The yield difference, or spread, between Germany’s two- and 30-year securities widened four basis points to 158 basis points. It narrowed earlier to 151 basis points, the lowest in two months, as a report showed annualized factory-gate prices in the euro region declined at a faster pace in June.

Policy Outlook

Shorter-dated securities are more sensitive to the outlook for central-bank monetary policy, while the direction of longer-maturity debt is driven more by investors’ outlook for inflation, with its potential to eat into the fixed payments on the debt.

Spain’s 10-year bond yield was little changed at 1.94 percent, after earlier sliding four basis points. That on similar-maturity Italian held at 1.77 percent.

European bonds have jumped with their counterparts in the U.S. amid concern that declines in commodity prices will rekindle deflation concerns and prompt central banks to extend stimulus. The Bloomberg Commodity Index climbed 0.9 percent on Tuesday, after sliding the previous day to its lowest level since 2002. Brent crude oil, the global benchmark, is still down more than 25 percent from its May high.

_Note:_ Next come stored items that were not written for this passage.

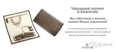 В фирменном бутике «Swarovski» до 18 октября 2015 г. проходит акция «Чарующий шопинг» – при покупке от 8990 руб. стильный и удобный футляр для хранения украшений в подарок!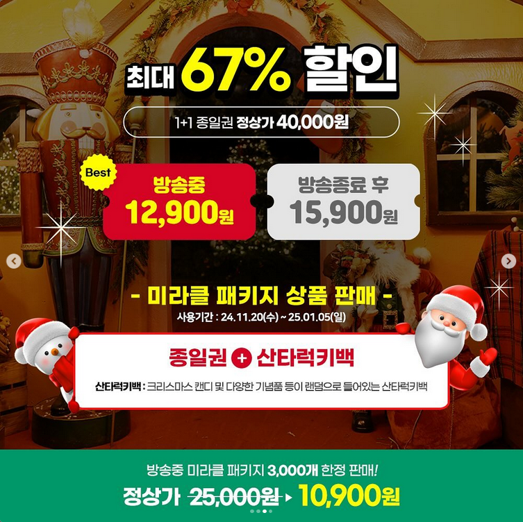 여기서 잠깐 20일(수) 11시에 네이버쇼핑 라이브에서 미라클 크리스마스 입장권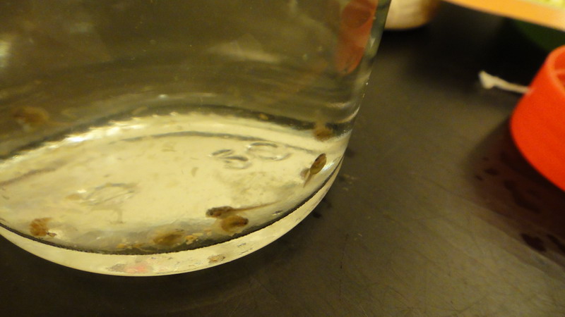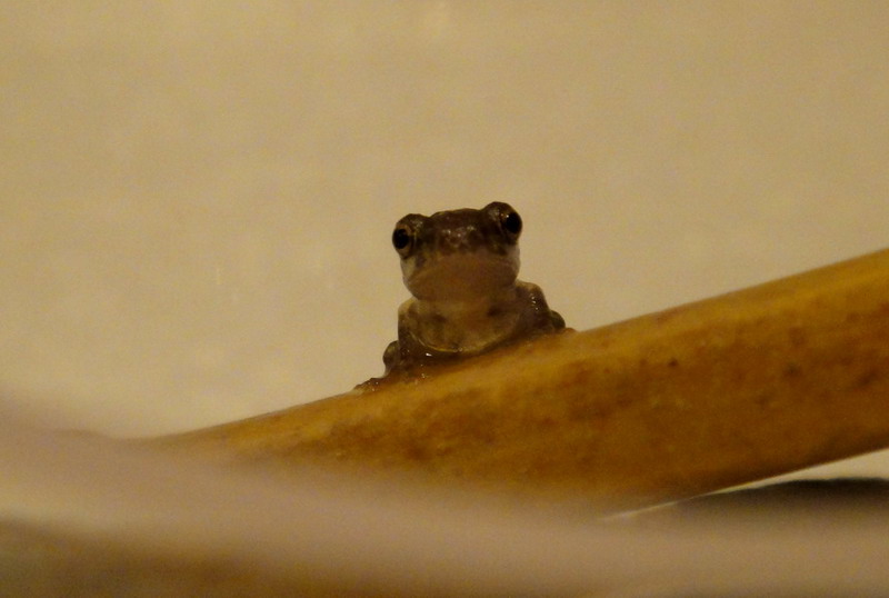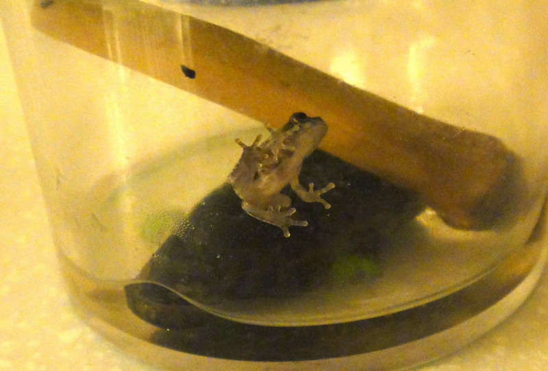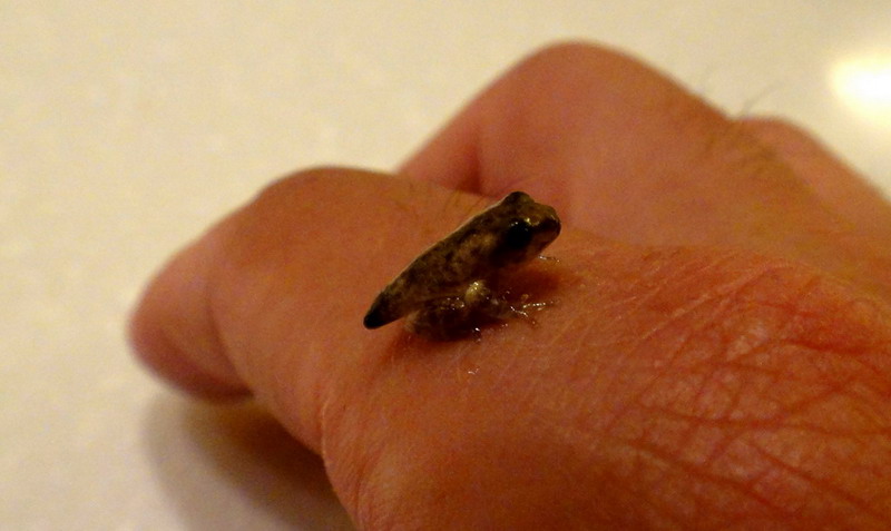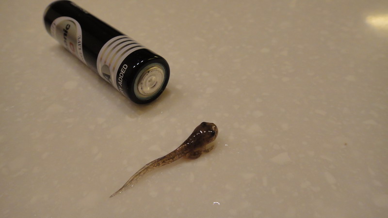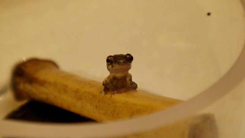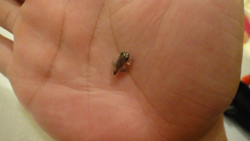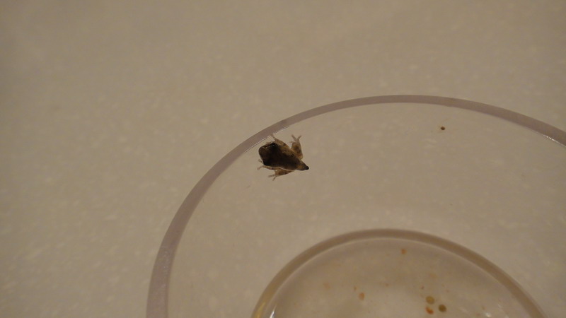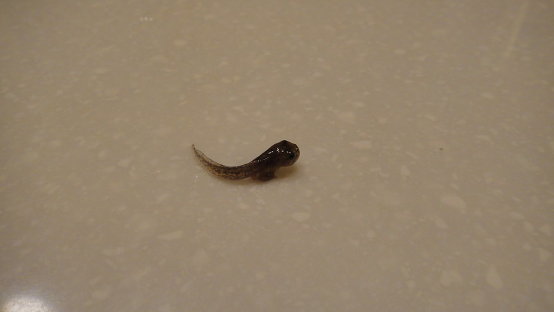 5/26 這隻的最後身影,由於低估它爬行的能力,隔天發現它已經消失在我家裡,三天後在地板上找到蝌蚪乾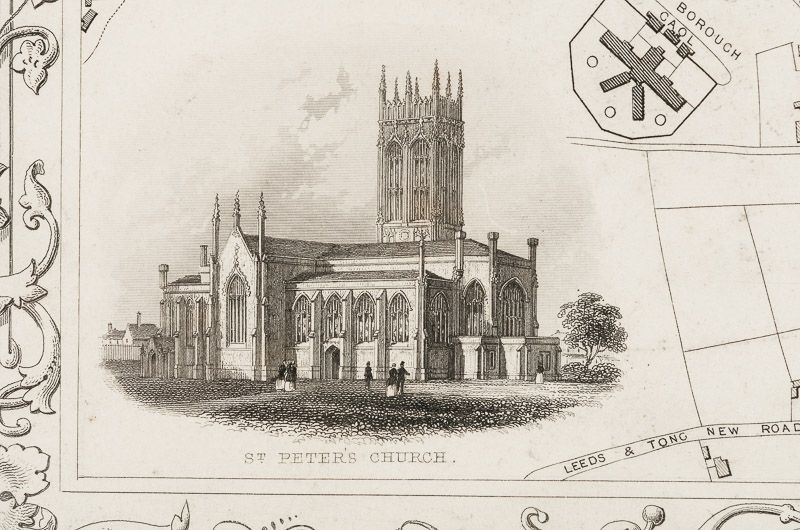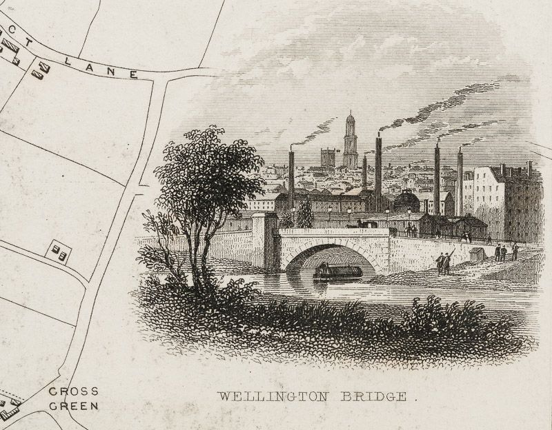 Leeds – With Vignettes of St Peter’s Church, Town Hall Cemetary Woodhouse, Mill Hill Chapel, Kirkstall Abbey, Wellington Bridge, and New Gaol.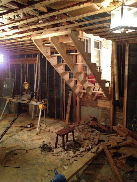 The toilet is out on the front porch. A necessary badge for any house under construction/renovation. The temporary pine treads will be replaced with oak as soon as the dark tung oil dries.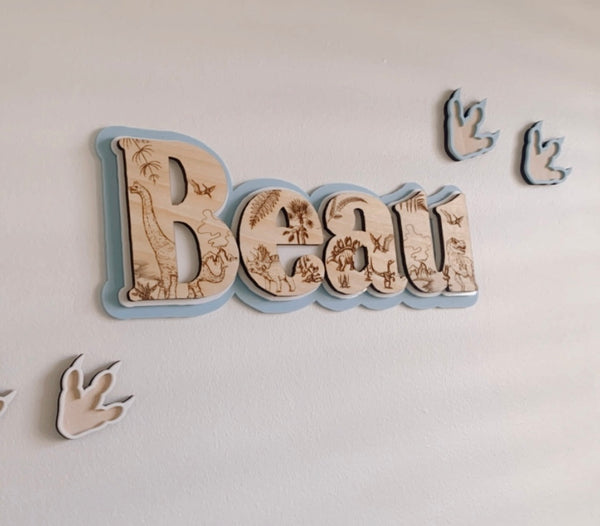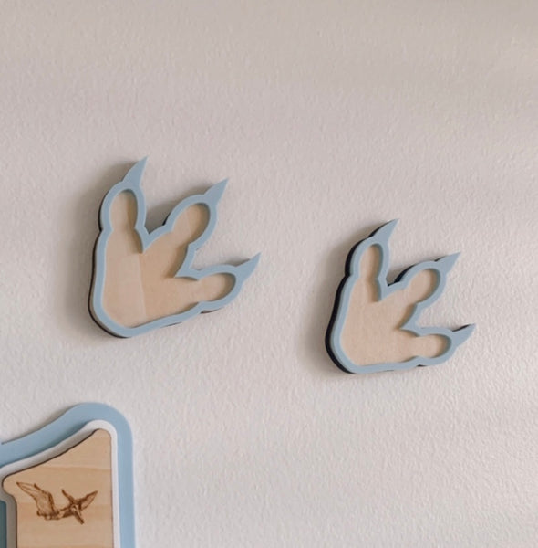 Our Dino footprint decals are a super cute addition to your Dino lovers wall! Choose from a variety of different colour themes. Pairs beautifully with ‘Etched Dino Triple layer signage‘.

The five-year, five-year forward inflation swap rate, a market metric identified by ECB President Mario Draghi as a benchmark for the euro area’s inflation outlook, dropped four basis points to 1.71 percent, the lowest closing level since May. The ECB targets price growth at just below 2 percent.

“The ECB will maintain its QE program at least until the end of autumn next year,” said Nick Stamenkovic, a fixed-income strategist at broker RIA Capital Markets Ltd. in Edinburgh. “If the inflation data disappoints, you can’t rule out fresh stimulus in coming months,” though “for now they’ll maintain the status quo.”